El 01/03/2006, a las 10:10, Igor Gashinsky escribió:
1) Most connections to content providers (with the exceptions of
long-lived streaming sessions, but those sessions are fairly "few" per
server) are very short-lived http (think about 15 packets in each
direction including the setup/teardown). Since, shim6 (as designed
right
now) does not initiate from the first packet(s), it might not take
effect
for these short-lived sessions, and therefore will not help in case of
failure, so in effect, *does not work* at all for fast http
transactions
First of all i think it is important to remember that the goal of the
SHIM6 protocol is to _preserve_ established sessions through outages.
However, there are other tools that are being discussed, that would
allow to establish new communication _after_ an outage.
The rationale behind the different tools as i understand it would be
something like the following:
- If two hosts have long lived sessions (that could be a long tcp
session, or many short tcp sessions or a long udp exchange), then it is
likely that it is important for them to preserve this session through
outages. In addition, since the session is long lived, and as the
probability of having an outage affecting the communication raises with
the lifetime of the communication, it seems reasonable to try to
protect the session. Moreover, as the session is long lived, the amount
of packets will be large enough to reduce the effect of the overhead
introduced by the shim context establishment
- However, if two hosts have a short lived session, like a short TCP
connection, the the above conditions are not true. Basically, this
means that since the session is short, then the probability of an
outage affecting this session during its lifetime is reduced. Moreover,
since the session has just been established, and an outage affects it,
the assupmtion is that the host will be willing to retry to establish
the session again. For this there are mechanisms being proposed in
order to allow the hosts to be able to establish new connections n the
case that a failure is affecting one of the available addresses. In
other words, the rationale here is that since the session is short
lived, the host will prefer to take the risk of having to reestablish
the session in the case of an outage rather than paying the shim6
overhead in all its communications (when it is likely that no outage
will affect them). It should also be noted, that as you mention the
patience of the users is quite limited and they are likely to retry if
the connection takes too long, which seems in line with the above case
for retrying to establish the connection. In addition i would like to
point out that because of the time that it may take to reconverge, a
BGP based solution for multihoming does not preserves established
communication through all the outages, especially when you have anxious
users that are willing to hit the reload button.

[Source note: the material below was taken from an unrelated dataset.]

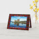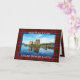 Eilean Donan slott, som ligger i de västra högländerna i Skottland, var hem för de allierade klanerna MacRae och MacKenzie under många århundraden. Den sistnämnda ägde egendomen från omkring 1297. Genom århundradena skyddade, förvaltade och köpte så småningom MacRae-klanen Eilean Donan slott, som nu är en del av Kintail National Scenic Area, en av 40 i Skottland. Strukturen byggdes helt om mellan 1919 och 1932. Denna design visar ett praktfullt blått foto av Eilean Donan slott, infattat i rikt blå färg och omgivet av den välbekanta gamla röda tartanen. I blekblå bokstäver står "Eilean Donan slott" och "MacRae klan" högst upp och längst ner. Eilean Donan är öppet för allmänheten. Denna mångsidiga design uppmuntrar dig att använda stavningen av din egen gren av den skotska klanen, att lägga till en liten gren av järnek och en julhälsning eller vad din fantasi än drömmer upp för att göra denna familjeärvda design unikt DIN under vilken årstid eller tillfälle som helst. Kanske har DIN familj stavat “McCray” i hundratals år. Använd bara den stavningen. Du är

So the effort for this case imho is putted in enabling the capacity or
establishing new sessions after an outage rather than in preserving
established connections, do you think this makes any sense to you
1) In order to "fix" #1, shim6 has the potential to put a sizable (over
10%) state penalties on our servers (to service end-sites w/ shim6),
something which is arguably the most painful thing for those servers,
which can translate into millions of dollars of additional hardware,
and
many more millions of dollars per year to power/cool that hardware.
Well, the good thing about mechanisms to establish new communications
through outages is that they are located in the client only and have no
effect in the server
3) While TE has been discussed at length already, but it is something
which is absolutely required for a content provider to deploy shim6.
There
has been quite a bit of talk about what TE is used for, but it seems
that
few people recognize it as a way of expressing "business/financial
policies". For example, in the v4 world, the (multi-homed) end-user
maybe
visible via both a *paid* Transit path (say UUNET), and a *free*
peering
link (say Cogent), and I would wager that most content providers would
choose the free link (even if performance on that link is (not hugely)
worse). That capability all but disappears in the v6 world if the
Client
ID was sourced from their UUnet ip address (since that's who they chose
to use for outbound traffic), and the (web) server does not know that
that locator also corresponds to a Cogent IP (which they can reach for
free).
I fail to understand the example the you are presenting here...
are you considering the case where both the client and the server are
both multihomed to Cognet and UUnet?
something like
UUnet
/ \
C S
\ /
Cognet
I mean in this case, the selection of the server provider is determined
by the server's address not by the client address, right?
The server can influence such decision using SRV records in the DNS,
but not sure yet if this is the case you are considering
This change alone would add millions to the bw bills of said
content providers, and well, reduce the likelyhood of adoption of the
protocol by them. Now, if the shim6 init takes place in the 3way
handshake process, then the servers "somewhat" know what all possible
paths to reach that locator are, but then would need some sort of a
policy server telling them who to talk to on what ip, and that's
something
which will not simply scale for 100K+ machines.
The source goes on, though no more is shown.